Kefta Mkaouara – to serve 4
- 500g minced beef
- small handful chopped parsley
- 2 tsp ground cumin
- 1 tsp hot paprika
- olive oil
- 1 onion, finely chopped
- 2 x 400g tins chopped tomatoes
- 2 garlic cloves, crushed
- fresh ground black pepper
- sea salt
- 4 eggs (optional)
- handful fresh coriander, chopped
Preheat the oven to 200ºC.
Mix the mince with the parsley, 1 tsp of the cumin and ½ tsp of the paprika, some black pepper and about 1 tsp salt. Wet your hands and make lots of tiny meatballs (about the size of cherry tomatoes).
Heat a couple of good glugs of olive oil in a frying pan and brown the meatballs in batches. Remove them with a slotted spoon.
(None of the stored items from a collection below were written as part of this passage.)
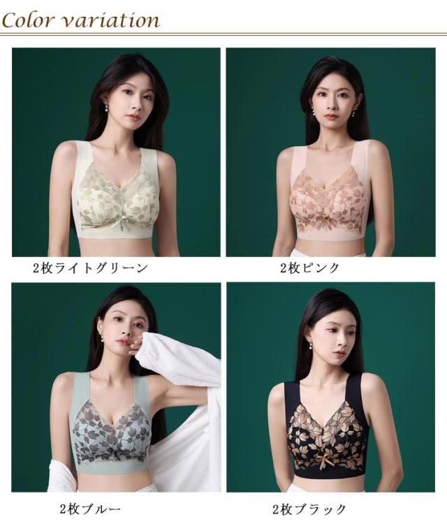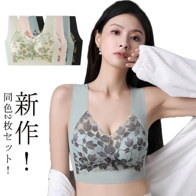ノンワイヤー シームレス 着楽ブラ 無縫製ブラジャー かわいい 育乳ブラ シームレス ナイトブラ 新作!無縫製 育乳 授乳ブラ 胸を包み込む ブラジャー ノンワイヤー 同色2枚 カップ付き ナイトブラジャー 昼夜兼用 ブラ 大きいサイズ たっぷりレース
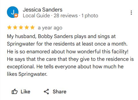 “Should a Springwater resident require short or long-term nursing home care in the future, those services are available right on site, making it much easier for family members” *
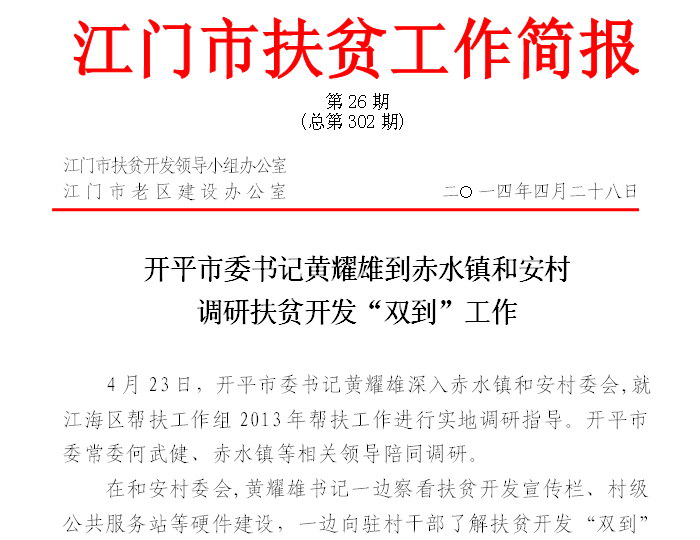 2014年开云电竞官方网站扶贫工作简报第26期(总第302期)
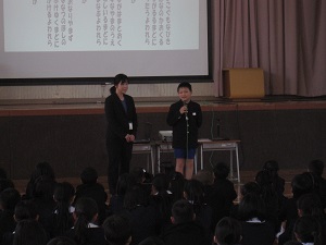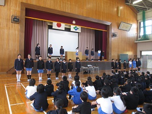 任命式では、各学級代表・委員長の抱負を聞きました。七塚小のリーダーとしてがんばってほしいです。

Add the onion to the pan with a little extra oil if necessary and cook gently until very soft (about 10 minutes). Add the tomatoes, the rest of the cumin and paprika, 1tsp ground black pepper and the garlic. Simmer gently for about 20 minutes but be careful that it doesn’t reduce down too much and become thick. Season well.
Add the meatballs to the tomato sauce and pour into a shallow ovenproof dish. Push the back of a ladle into the mixture to make 4 wells to crack the eggs into. Bake for about 15 minutes or until the eggs are just set. Serve with the coriander and some warm flatbreads.
Drink with: a fruity red. We had a glass of our favourite “everyday” wine of the moment which the the Selvapiana Chianti Rufina and it worked a treat.